These are the cheapest gripper leads and are also the best at gripping the body, because the wires do not fold in when pressure is applied. These are useful when fishing on surf beaches or anywhere with lots of current. For instance, if your rigs are getting tangles because your leads are moving too much.
Gripper leads can also be used when fishing static from a boat. When lifted up and down off the bottom, they create disturbance on the sea bed, lifting up clouds of sand. A charter boat skipper out of Poole told us he finds this works very well for Plaice.
The disadvantage of these weights is they are very prone to snags, since the wires are fixed on the lead. The breakaway leads can prevent this.
4. Breakaway Gripper Leads / Impact Leads
One of the most popular types of gripper weights is the breakaway lead. These weights have wires that snap loose under pressure, making it easier to retrieve the rig. When they get snagged, the wires will fold in downwards. Very useful in rough ground. However, in extremely strong currents, a fixed wire (regular) gripper weight may be necessary. The force of the water can force the wires shut on these. You can also create a “semi-fixed grip weight” by tying an elastic band around a breakout weight. This way, the wires will still come loose under high pressure.
3. Break away clip down gripper leads (different again!)
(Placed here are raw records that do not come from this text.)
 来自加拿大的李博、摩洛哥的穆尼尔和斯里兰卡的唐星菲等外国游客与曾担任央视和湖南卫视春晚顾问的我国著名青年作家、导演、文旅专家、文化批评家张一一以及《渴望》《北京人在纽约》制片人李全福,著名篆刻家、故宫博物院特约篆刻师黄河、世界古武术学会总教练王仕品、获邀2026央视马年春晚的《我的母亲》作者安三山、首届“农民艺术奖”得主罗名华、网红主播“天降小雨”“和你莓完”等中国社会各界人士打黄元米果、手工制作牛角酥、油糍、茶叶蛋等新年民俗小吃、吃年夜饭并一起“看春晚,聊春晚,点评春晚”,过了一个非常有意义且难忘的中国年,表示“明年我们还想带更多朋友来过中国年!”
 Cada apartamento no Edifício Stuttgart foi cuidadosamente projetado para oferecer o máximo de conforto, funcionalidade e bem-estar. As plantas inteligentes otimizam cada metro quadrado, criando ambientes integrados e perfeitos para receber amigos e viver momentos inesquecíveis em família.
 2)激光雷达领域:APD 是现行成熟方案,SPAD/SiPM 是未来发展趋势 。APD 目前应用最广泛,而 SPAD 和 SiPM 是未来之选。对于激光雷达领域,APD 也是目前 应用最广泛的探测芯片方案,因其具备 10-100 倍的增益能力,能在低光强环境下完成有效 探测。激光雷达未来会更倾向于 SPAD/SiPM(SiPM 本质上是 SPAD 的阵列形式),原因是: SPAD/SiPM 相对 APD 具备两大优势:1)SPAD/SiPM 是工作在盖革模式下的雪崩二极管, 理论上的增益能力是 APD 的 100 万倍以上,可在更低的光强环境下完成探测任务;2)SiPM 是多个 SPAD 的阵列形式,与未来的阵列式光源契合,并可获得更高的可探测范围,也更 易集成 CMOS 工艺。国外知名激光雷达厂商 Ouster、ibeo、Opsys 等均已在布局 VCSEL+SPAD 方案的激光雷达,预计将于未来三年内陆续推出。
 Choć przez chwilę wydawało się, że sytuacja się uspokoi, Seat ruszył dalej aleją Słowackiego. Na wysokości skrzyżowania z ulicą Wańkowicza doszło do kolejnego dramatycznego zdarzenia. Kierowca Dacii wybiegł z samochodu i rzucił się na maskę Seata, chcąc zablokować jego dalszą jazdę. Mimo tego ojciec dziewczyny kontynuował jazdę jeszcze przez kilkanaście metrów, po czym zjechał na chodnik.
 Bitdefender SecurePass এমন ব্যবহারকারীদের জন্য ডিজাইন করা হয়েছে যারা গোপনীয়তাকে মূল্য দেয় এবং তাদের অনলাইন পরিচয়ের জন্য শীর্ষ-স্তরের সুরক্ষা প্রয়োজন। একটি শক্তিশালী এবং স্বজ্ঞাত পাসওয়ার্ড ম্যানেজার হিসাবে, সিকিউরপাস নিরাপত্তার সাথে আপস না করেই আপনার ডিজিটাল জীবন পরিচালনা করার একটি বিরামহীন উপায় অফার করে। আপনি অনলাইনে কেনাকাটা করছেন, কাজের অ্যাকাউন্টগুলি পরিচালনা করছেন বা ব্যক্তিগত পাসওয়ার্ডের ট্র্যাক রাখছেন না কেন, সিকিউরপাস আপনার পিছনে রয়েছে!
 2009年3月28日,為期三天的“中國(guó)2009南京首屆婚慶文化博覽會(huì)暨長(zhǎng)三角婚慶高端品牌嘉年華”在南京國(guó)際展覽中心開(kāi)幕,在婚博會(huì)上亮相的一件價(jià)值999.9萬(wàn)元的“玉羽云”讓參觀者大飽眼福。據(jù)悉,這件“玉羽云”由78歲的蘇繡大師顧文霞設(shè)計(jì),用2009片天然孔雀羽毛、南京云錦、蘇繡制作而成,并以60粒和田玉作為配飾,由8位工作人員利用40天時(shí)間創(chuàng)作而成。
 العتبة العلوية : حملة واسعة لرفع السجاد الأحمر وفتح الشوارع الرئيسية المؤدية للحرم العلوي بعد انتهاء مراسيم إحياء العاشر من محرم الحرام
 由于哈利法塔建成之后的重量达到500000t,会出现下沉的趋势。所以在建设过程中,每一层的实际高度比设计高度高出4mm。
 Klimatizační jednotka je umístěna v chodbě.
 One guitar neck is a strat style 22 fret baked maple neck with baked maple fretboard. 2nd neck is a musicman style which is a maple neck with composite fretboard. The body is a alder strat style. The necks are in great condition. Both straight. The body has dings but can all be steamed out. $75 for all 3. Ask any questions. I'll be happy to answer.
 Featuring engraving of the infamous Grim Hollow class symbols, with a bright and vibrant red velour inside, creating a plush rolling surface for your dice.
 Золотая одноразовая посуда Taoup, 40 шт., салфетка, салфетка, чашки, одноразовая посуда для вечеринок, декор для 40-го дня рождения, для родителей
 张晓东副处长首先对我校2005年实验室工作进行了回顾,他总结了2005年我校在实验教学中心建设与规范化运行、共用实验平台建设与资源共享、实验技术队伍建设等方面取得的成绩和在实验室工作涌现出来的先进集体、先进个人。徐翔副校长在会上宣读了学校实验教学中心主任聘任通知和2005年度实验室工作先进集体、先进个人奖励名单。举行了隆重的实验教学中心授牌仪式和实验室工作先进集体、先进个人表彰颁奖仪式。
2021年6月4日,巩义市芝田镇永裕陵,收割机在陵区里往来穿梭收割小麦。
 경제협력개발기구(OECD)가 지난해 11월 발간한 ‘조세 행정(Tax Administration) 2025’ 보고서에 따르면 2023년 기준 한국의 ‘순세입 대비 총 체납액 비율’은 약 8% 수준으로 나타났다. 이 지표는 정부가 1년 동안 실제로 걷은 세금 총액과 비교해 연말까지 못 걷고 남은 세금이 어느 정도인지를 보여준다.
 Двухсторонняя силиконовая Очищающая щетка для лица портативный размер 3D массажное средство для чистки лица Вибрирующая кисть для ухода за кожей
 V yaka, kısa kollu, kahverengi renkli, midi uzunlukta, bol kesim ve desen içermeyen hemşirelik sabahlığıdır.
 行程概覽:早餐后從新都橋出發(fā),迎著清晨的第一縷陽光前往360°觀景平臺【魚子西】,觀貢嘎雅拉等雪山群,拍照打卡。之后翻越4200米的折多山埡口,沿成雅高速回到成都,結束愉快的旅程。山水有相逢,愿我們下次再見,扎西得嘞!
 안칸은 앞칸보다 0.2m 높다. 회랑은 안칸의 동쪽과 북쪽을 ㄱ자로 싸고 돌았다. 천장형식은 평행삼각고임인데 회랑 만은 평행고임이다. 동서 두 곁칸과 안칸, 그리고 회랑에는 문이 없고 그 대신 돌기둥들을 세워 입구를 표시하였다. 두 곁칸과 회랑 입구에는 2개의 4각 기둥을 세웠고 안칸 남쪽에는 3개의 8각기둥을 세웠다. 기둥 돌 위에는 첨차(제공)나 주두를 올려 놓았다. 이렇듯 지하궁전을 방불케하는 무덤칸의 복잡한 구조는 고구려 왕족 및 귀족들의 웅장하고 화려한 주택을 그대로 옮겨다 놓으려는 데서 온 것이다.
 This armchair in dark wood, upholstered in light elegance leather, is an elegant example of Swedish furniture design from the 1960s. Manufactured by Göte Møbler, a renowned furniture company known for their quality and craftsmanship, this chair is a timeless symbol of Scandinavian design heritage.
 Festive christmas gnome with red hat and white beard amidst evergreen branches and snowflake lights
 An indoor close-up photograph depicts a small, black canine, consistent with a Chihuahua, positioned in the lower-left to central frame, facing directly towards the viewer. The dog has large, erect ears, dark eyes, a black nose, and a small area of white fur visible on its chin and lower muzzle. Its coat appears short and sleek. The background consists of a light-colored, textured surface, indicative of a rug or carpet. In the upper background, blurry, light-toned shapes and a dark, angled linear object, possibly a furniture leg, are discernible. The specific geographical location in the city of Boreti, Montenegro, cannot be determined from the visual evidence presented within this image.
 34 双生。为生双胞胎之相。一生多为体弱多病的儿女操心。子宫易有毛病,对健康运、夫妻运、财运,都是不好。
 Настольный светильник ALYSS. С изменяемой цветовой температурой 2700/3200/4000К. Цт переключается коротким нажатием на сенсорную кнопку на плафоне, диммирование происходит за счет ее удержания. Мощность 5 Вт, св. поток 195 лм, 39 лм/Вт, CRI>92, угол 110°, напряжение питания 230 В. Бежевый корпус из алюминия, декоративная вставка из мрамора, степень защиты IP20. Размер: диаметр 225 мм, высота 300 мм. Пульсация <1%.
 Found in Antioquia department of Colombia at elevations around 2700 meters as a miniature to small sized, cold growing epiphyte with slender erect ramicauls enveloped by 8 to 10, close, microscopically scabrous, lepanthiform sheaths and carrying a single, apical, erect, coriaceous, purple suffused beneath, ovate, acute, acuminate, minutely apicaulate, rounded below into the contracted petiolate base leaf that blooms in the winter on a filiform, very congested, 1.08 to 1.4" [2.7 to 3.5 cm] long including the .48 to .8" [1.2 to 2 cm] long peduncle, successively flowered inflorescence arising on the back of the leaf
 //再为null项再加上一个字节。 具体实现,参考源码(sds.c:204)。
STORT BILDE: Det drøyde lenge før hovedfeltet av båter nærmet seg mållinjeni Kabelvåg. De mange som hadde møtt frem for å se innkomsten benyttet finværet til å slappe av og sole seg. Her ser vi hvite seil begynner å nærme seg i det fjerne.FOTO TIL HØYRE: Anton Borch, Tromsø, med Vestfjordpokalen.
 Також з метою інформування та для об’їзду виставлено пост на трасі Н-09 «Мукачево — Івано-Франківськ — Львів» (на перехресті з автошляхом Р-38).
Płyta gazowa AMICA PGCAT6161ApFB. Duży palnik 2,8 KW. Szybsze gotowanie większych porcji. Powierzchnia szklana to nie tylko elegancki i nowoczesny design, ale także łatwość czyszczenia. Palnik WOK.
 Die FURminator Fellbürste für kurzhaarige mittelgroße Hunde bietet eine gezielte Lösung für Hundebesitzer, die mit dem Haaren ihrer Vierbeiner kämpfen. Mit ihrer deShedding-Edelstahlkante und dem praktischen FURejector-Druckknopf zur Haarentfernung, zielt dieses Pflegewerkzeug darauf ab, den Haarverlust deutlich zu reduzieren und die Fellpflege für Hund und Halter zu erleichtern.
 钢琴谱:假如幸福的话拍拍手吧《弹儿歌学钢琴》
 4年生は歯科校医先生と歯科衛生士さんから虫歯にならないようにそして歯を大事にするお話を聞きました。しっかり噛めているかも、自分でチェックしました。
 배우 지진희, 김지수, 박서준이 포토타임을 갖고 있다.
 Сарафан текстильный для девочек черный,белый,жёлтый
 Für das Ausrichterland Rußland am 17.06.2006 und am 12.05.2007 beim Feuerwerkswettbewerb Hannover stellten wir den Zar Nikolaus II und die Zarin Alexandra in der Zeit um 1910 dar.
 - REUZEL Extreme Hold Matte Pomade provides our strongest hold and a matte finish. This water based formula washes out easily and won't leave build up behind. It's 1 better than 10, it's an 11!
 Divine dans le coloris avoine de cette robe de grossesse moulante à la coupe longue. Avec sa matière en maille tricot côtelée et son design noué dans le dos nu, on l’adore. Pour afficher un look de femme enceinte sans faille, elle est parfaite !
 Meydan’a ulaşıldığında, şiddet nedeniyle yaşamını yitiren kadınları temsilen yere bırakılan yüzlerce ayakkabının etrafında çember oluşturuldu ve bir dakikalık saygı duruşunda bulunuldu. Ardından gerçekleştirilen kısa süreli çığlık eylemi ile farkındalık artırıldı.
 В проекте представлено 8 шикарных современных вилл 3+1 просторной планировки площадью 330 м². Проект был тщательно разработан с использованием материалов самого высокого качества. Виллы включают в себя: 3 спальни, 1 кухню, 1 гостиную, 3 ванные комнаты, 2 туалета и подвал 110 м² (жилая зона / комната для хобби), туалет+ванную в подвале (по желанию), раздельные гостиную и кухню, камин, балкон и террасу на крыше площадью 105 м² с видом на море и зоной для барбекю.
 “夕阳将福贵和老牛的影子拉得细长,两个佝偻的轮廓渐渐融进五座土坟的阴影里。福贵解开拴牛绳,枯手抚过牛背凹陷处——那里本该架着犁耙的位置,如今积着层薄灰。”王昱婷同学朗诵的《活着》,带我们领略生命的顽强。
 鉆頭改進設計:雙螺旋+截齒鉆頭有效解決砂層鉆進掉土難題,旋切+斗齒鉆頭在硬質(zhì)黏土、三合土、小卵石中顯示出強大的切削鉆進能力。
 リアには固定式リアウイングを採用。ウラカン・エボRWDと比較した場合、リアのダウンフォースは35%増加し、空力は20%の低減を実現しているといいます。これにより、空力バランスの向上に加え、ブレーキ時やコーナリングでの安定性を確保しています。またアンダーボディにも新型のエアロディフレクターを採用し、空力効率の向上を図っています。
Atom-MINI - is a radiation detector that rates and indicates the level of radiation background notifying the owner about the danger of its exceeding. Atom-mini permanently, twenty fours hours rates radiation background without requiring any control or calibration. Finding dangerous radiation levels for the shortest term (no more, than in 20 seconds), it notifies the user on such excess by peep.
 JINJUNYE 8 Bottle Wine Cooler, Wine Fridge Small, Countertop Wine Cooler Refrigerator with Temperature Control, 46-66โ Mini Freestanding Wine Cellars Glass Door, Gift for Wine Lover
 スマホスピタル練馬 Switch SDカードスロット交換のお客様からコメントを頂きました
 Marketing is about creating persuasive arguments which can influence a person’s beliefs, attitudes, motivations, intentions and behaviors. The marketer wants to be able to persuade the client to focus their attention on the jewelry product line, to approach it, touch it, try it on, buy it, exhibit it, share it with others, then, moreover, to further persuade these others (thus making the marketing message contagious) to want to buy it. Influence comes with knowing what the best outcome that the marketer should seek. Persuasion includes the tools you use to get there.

We’ve seen how a regular breakaway gripper lead works, allowing you to pull free of snags. We’ve also seen how clip down weights stop your baits falling off the hook and allow you to cast further. The breakaway clip down gripper weight (Gemini Breakout System) does both of these things at once. You will notice that the top of the lead has a flat piece of plastic. This helps shelter the bait from the impact of the water as it hits.
2. Watch weights
Watch weights are traditionally used over sand banks for species like Plaice. They have a large surface area so create a lot of sand disturbance on the seabed when pulled or bounced along it, which helps attract flatfish. They can also grip onto the sides of sandbanks. This can prevent you from getting rigs in a twist. A classic general purpose weights.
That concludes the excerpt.